Normally u can sell it straight way, and contract notes on Etrade n Commsec r usually sent via email. bt the proceeds from selling takes 3 days to settle.


----------



## puka05 (3 July 2007)

Thanks for the quick reply UPKA.  The contract notes are sent straight away after buying.  So from what you're saying.. from the contract notes.. it states that the stock is owned by myself.. just not in my chess account yet.  So that means I'm able to sell the stock without it being in my chess account. Correct?


----------



## UPKA (3 July 2007)

puka05 said:


> Thanks for the quick reply UPKA.  The contract notes are sent straight away after buying.  So from what you're saying.. from the contract notes.. it states that the stock is owned by myself.. just not in my chess account yet.  So that means I'm able to sell the stock without it being in my chess account. Correct?
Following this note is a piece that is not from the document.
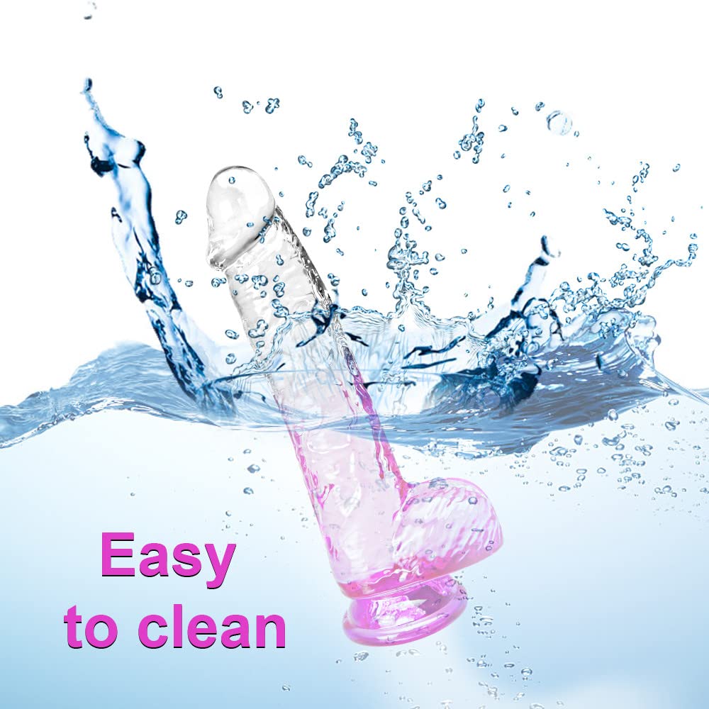 Q: What material is the Realistic Clear Cute Purple Dildo made of?A: The Realistic Clear Cute Purple Dildo is made from TPE, which is a soft, pliable, non-toxic, and odorless material.

I think as soon as u get ur contract note, the chess statement is updated straight way electronically (may be someone can correct me on this), except ur chess statement will only be sent out in mail, which will take longer, bt that doesnt prevent u from selling.


----------



## gfresh (3 July 2007)

Depending on whether Westpac has a real-time trading system, you should be able to buy one minute, and sell the next. You can with the likes of Etrade, Commsec, etc. 

However, if your new purchase holdings don't show up straight away, I have a feeling you won't be able to sell them until they show up in the Westpac system. 

Somebody more familiar with Westpac may be able to answer a bit better.


----------



## son of baglimit (3 July 2007)

a lot of traders buy then sell almost instantly, hence their name.

the tricky question is............how soon after you sell can you buy back and not create CGT issues outside the normal ?


----------



## jammin (3 July 2007)

Hi Puka,
I'm with Westpac and can confirm you can sell as soon as the "order status" shows the purchase is complete. ie status = filled.


----------



## Pat (3 July 2007)

son of baglimit said:


> the tricky question is............how soon after you sell can you buy back and not create CGT issues outside the normal ?



As soon as you sell an asset it creats a CGT event... if you will. Even if you buy back your still pay CGT on the gains, and if its a loss you keep your losses to offset gains.


----------



## puka05 (3 July 2007)

Hey All.  Thanks for all the great replies much appreciated .  Thx Jammin for the insight of westpac.  Now I know, I'm able to trade trade trade .  

Cheers

Puka


----------